A couple of pictures of what I did so far (still took me 5 hours though! Those stiff cables don’t make it any easier!).




This is the Type 2 socket for installation in a wall. This picture is without the interlocking actuator. The actuator is used for locking the connector in the socket while charging. It’s to prevent you from taking out a connector which might be carrying 22kW of power, that would give some fireworks!








This is the socket with the actuator installed on top of it. It’s a very simple 12V motor which pushes a pin into the socket and locking the connector in place.

I haven’t found a way yet to control this with the Open EVSE project, but I’m positive I’ll find a way to do so.

Locking is done by putting 12V on it for 300ms and unlocking is done by simply reversing the poles. Any suggestions how to do this with Open EVSE are welcome!




This now had to be installed in the outer wall of my shed. This wall is 11mm thick while the connector is build for 9mm at max. It took some power tools to get about 4mm off that wall!




This is how it looks on the outer wall after installation. You can see the actual socket still lying there, but the outer cap has been installed.

The socket itself is very well build by Mennekes. Rubbers everywhere to prevent water from coming in, but it also has water drainage output on the bottom. Should somebody plug in a connector full of water the excess water can flow out of the socket.

It’s a pretty expensive socket (EUR 300,00) but they did their job of creating a descent one!




This picture shows the installed socket from the back with the main power lines connected.

WARNING: These cables are NOT energized! The power flow is controlled by the EVSE with a relais. Take note of that should you consider installing your own EVSE!

The PP (Proximity Pilot) and CP (Control Pilot) pins are not connected yet, you however see the CAT6 cable already there. I’m using that cable for the CP and PP pins as well as for controlling the actuator.

The power cable is a 5G6 cable. This means 5 wires of 6mm2 each. My goal is to have this EVSE installation be able to deliver 3-phase 32A (22kW). 4mm2 cabling would maybe have done the job, but safety first! It also means less voltage drop, so more kW to the car!
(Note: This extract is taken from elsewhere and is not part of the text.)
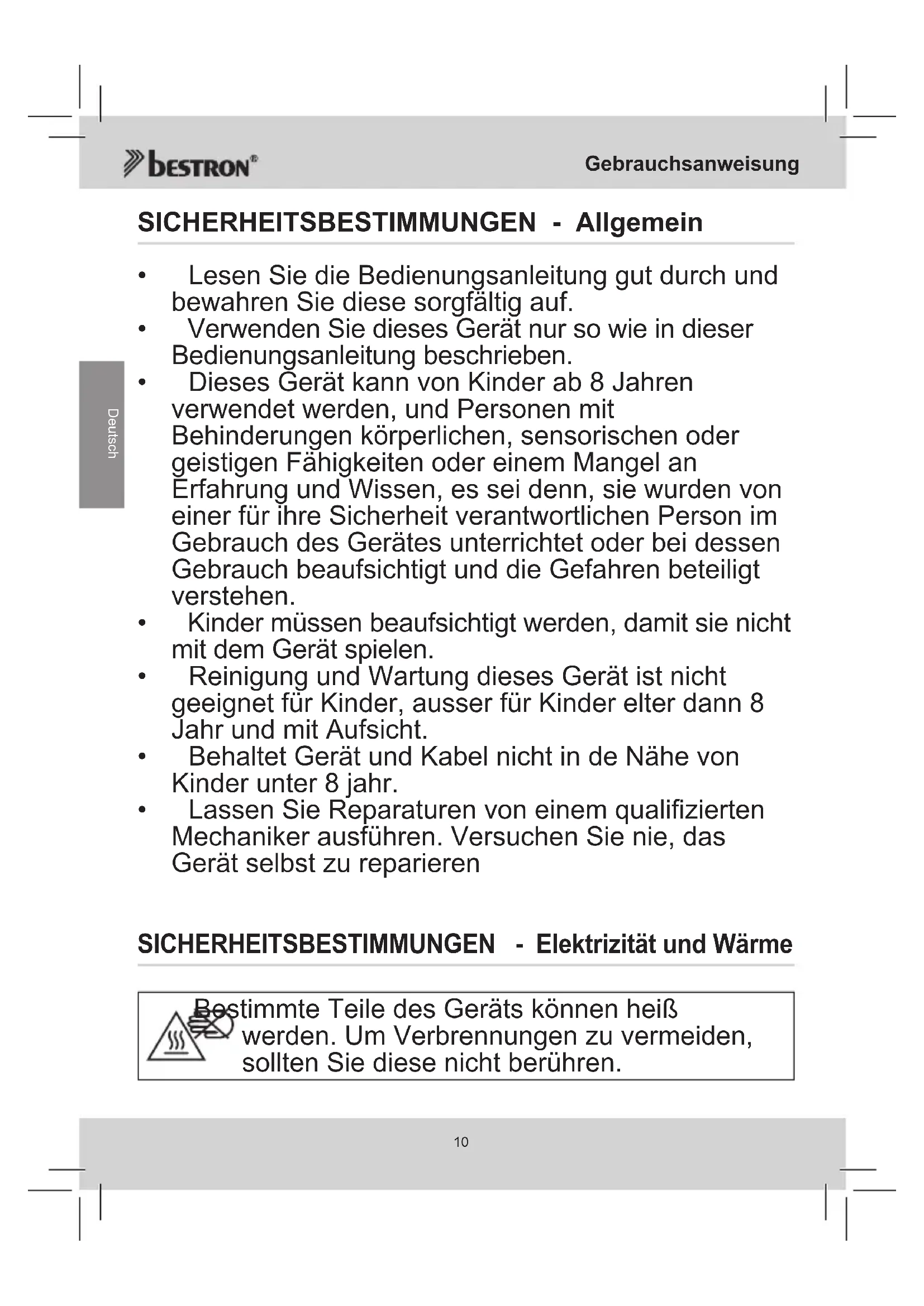 GarantiekeinRechtaufErstattungeineseventuellenSchadensein.Der ImporteurkanninkeinemFallfüreventuelleFolgeschädenoderirgendwelche anderenFolgenhaftbargemachtwerden,diedurchdasvonihmgelieferteoderin VerbindungmitdemvonihmgeliefertenGerätentstandensind. 10.UmGarantieleistungeninAnspruchzunehmen,wendenSiesichtdirektanIhren Händler.BestronbietetauchdieMöglichkeitdirektmitdemWerkskundendienst abzuwickeln.Voraussetzunghierfürist,dassSiesichzunächsttelefonisch,per FaxoderMailandenWerkskundendienstwenden.BitteschickenSiekeineGeräte unaufgefordert.InsbesonderedürfenPaketeniemalsunfreieingesendetwerden. SprechenSiedaherzuerstmituns.WirsagenIhnenwieSieIhrGerätanuns einsendensollen. 11.DasGeräteignetsichnichtfürdieprofessionelleVerwendung.Gebrauchsanweisung

The flexible PVC hose at the bottom is water drainage from the socket, should water enter the socket it can flow out of the socket through there.





This is how it all looks after installation with the actuator installed.
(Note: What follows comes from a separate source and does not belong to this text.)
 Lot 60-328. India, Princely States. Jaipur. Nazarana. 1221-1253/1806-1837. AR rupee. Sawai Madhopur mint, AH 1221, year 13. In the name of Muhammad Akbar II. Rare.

One PVC pipe carries the the main power cable while the other carries the CAT6 cable for controlling the actuator and connecting the PP and CP pin.

The pipes run through the structure towards the main power panel (yet to be installed) where I’ll also install the Open EVSE.

Between the outer and inner wall there will be insulation, but I have to prevent this from making contact with the socket. I still have build something for that around the socket, I want to make sure the insulation doesn’t catch fire for some reason. (Although I don’t know if it actually burns).

It’s better to be safe then sorry in this case. 22kW of power will flow through here, that is something not to be taken lightly, that is some serious amount of power!




If you want to order this socket yourself contact EV-Box (Netherlands), they can help you with that.

These are the parts I ordered (Mennekes part numbers):

  • 30012: Fixing ring with hinged lid IP44
  • 31016: Type 2 socket 32A with actuator
  • 30019: Actuator connector with 3 wires of 1m each

When I finish my EVSE I’ll post a full list of components I used.

Now it’s back to my shed for doing some more installation of other electronics like lighting.